Borough of Stavanger, Norway

Hinna is a borough of the city of Stavanger which lies in the southwestern part of the large Stavanger Municipality in Rogaland county, Norway. The borough includes the southernmost part of the city, bordering Sandnes Municipality to the south. The borough of Hillevåg lies to the north, Sola Municipality lies to the west, and the Gandsfjorden lies to the east.
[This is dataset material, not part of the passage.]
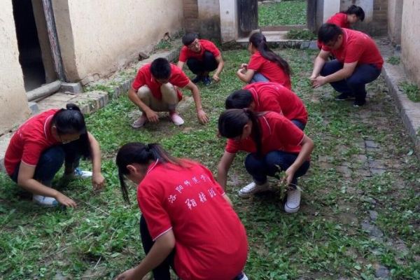 翔梧班同學走進李翔梧烈士的故居,看到李翔梧同志的遺像,都自發地向其鞠躬,以表達對其的敬意。院內久無人打掃,早已雜草叢生,同學們紛紛蹲在地上,把故居院落內的雜草紛紛清除。蚊蟲雖多,但大家并沒有因此而抱怨,都十分認真的對待。最后,同學們在中高村李氏祠前莊嚴宣誓。

Hillevåg was a part of the old Hetland Municipality until 1965. The borough has residential areas as well as some industrial areas, especially relating to the oil industry. The 15 km2 borough has a population (2024) of 23,809.

==Neighbourhoods==
Although the borders of "neighbourhoods" (delområder) do not correspond exactly to the borough borders, Hinna roughly consists of the following neighbourhoods: Jåtten, Gausel, Godeset, Forus, and southern Vaulen.

==Politics==
The borough is not independently self-governing, but it falls under the municipal council for Stavanger Municipality. The municipal council has delegated some responsibilities to the a borough council (bydelsutvalg) for Hinna. The borough council consists of 11 members. The tables below show the current and historical composition of the borough council by political party.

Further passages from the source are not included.